Эти многочисленные задачи решаются со смыслами не так, как они решаются с содержаниями. Если для содержания существенна граница предложения как граница несущей содержание пропозиции, то смысл этих границ не знает. Смысл не имеет границ, установленных синтагматикой речевого акта. Уже в XIV веке в Индии Вишванатха называл поэтому целые поэмы "большими предложениями": все можно соединить по принципу части и целого [Vicvanatha 1967:29].

Уже сам факт растягивания смыслов говорил о том, что:

  1. Смысл не "дан" в тексте.
    Есть след рефлексии автора, есть способы пробуждения рефлексии реципиента, а организованность этой рефлексии даст распредмечивающее понимание, причем разное для разных граней понимаемого. Если рефлективная способность автора и реципиента стоят на одном уровне, то получается относительная полнота понимания.
  2. Смысл не линеен, а существует как некоторый потенциальный объем.
  3. "Границы смысловых единиц не совпадают с границами языковых единиц" [Черняховская 1983:5].

Очевидно, нельзя взглянуть на текст и исчислить найденные смыслы. Растягивание смыслов - это и есть их появление.

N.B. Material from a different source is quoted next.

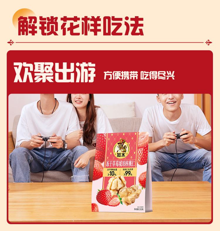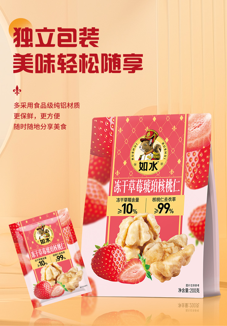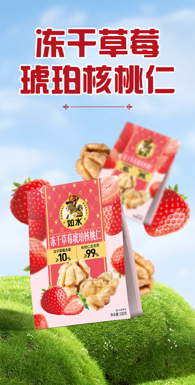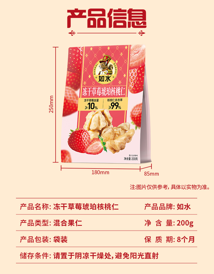 商品名称:如水冻干草莓琥珀核桃仁200g

Все эти процессы принципиально рефлективны, причем рефлексия участвует в процессе и тогда, когда опираются на широкое категориальное начало и из него начинают строить ноэмы, поддающиеся хоть какому-то элементарному, аналогизирующему, начальному переживанию смыслов. А. Шутц [Shutz 1962:281] писал: "То, что впервые переживается и испытывается, - это уже известное в том отношении, что оно вызывает из памяти нечто подобное или равноценное, воспринятое ранее. А то, что уже было схвачено до этого в своей типичности, несет в себе горизонт. возможного переживания с соответствующими отсылками к знакомому, то есть ряд типичных характеристик, еще актуально не пережитых данным субъектом, но стоящих в очереди на переживаемость, потенциально пережитых". Например, реципиент впервые слышит от "ценительницы музыки" фразу "От Моцарта я ждала большего" и усматривает метасмысл "пошлость", поскольку он был подведен к этому усмотрению не столько пошлостью цитированного речения, сколько на основе встречи с типическими чертами пошлости: автоматизм + алогизм + эгоизм и равнодушие (в персонаже лжеценителя).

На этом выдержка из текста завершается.